Das Prinzip eines sogenannten Pumpspeicherkraftwerks ist denkbar einfach: Wasser wird mit Hilfe einer elektrischen Pumpe aus einem niedrigen in ein höhergelegenes Reservoir geleitet. Zu einem späteren Zeitpunkt rauscht es wieder nach unten. Mit der Energie, die es dabei aufnimmt, treibt es eine Turbine an, die wiederum über einen Generator Strom erzeugt.
Für ein Pumpspeicherkraftwerk gibt es folglich zwei Voraussetzungen: eine ausreichende Menge Wasser und ein Gefälle zwischen zwei Becken. Je höher und größer das Oberbecken ist, desto mehr Energie lässt sich darin speichern.
Passende Bedingungen findet man daher in gebirgigen Ländern wie der Schweiz und Österreich. Nirgendwo allerdings sind sie besser als im regenreichen Norwegen mit seinen steilen Fjordhängen und den zahllosen Seen auf fast unbewohnten Hochebenen.
Kein Wunder, dass das Land über gut die Hälfte der Speicherkapazität ganz Europas verfügt. Allein der Blåsjø-See nordöstlich von Stavanger kann 200 Mal mehr Energie aufnehmen als alle rund 30 Pumpspeicherkraftwerke Deutschlands zusammen.

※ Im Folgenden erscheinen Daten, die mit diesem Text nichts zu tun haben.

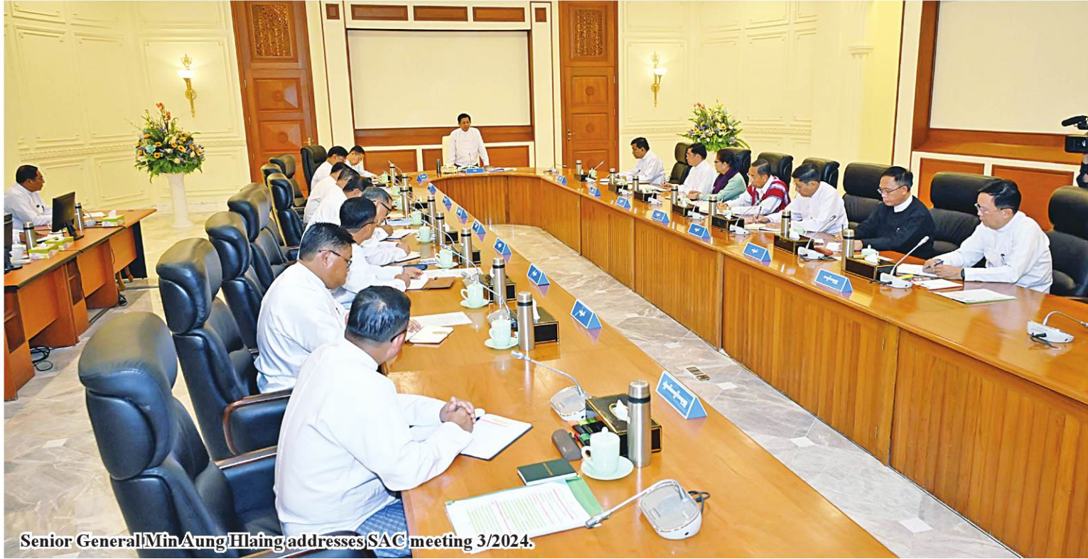
Senior General Min Aung Hlaing addresses SAC meeting 3/2024.

Citizens are the supporters of national development, but negative minded citizens are destructive to the country; terrorists must be opposed with people's power
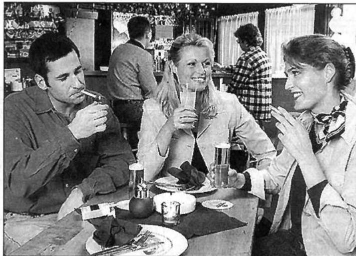
Auch wenn jeder die Gesundheitsrisiken kennt, fällt es den meisten Rauchern schwer, auf die „Zigarette danach“ zu verzichten.

■ Wählen Sie eine günstige Zeit. So können ein Urlaub oder die Zeit nach einer Erkrankung, bei der Sie sowieso nicht geraucht haben, ideale Ausgangspunkte zum Abgewöhnen sein.

Natürlich ist die Energie, die zum Hochpumpen des Wassers in einen Stausee benötigt wird, größer als die, die es beim Zurückfließen erzeugen kann. Pumpspeicherkraftwerke sind damit zunächst einmal Stromverbraucher, keine Lieferanten.
Allerdings ist ihr Wirkungsgrad mit 75 bis 80 Prozent im Vergleich zu anderen Speichertechnologien recht hoch. Konkret heißt das: Von den 100 Prozent der Energie, die zum Pumpen eingesetzt werden, stehen anschließend noch 75 bis 80 Prozent zur Verfügung.
Das bedeutet zwar einen Verlust von bis zu einem Viertel. Doch der ist durchaus zu verkraften, wenn man die Alternative bedenkt: Kann Strom aus Offshore-Windparks und Solaranlagen weder direkt verbraucht, noch gespeichert werden, ist er komplett verloren. Das ist gerade in Nachtzeiten häufig der Fall, wenn draußen auf dem Meer viel Wind weht, aber der Verbrauch niedrig ist.
Norwegens Pumpspeicherkraftwerke sind also eine gute Ergänzung zu deutschem Ökostrom. Optimal funktioniert diese Kombination paradoxerweise allerdings erst dann, wenn die Pumpen gar nicht zum Einsatz kommen – sondern der Strom direkt in Norwegen verbraucht wird.
Auch in Deutschland gibt es Pumpspeicher, etwa das Kraftwerk Hohenwarte II in Thüringen. Ihre Kapazität beträgt aber nur einen Bruchteil der norwegischen Anlagen.
Das ist dann der Fall, wenn in Deutschland ein Stromüberschuss besteht und der Preis gemäß dem Gesetz von Angebot und Nachfrage niedrig ist. Dann kann Norwegen seinen Bedarf mit deutschem Strom decken und die Wasservorräte in seinen Reservoirs schonen. Zudem wird keine Energie für den Pumpbetrieb gebraucht. Die Stauseen fungieren damit quasi als virtueller Speicher.
Und das ist dann doch mal eine echte Neuerung im Vergleich zur jahrhundertealten Technik der Müller.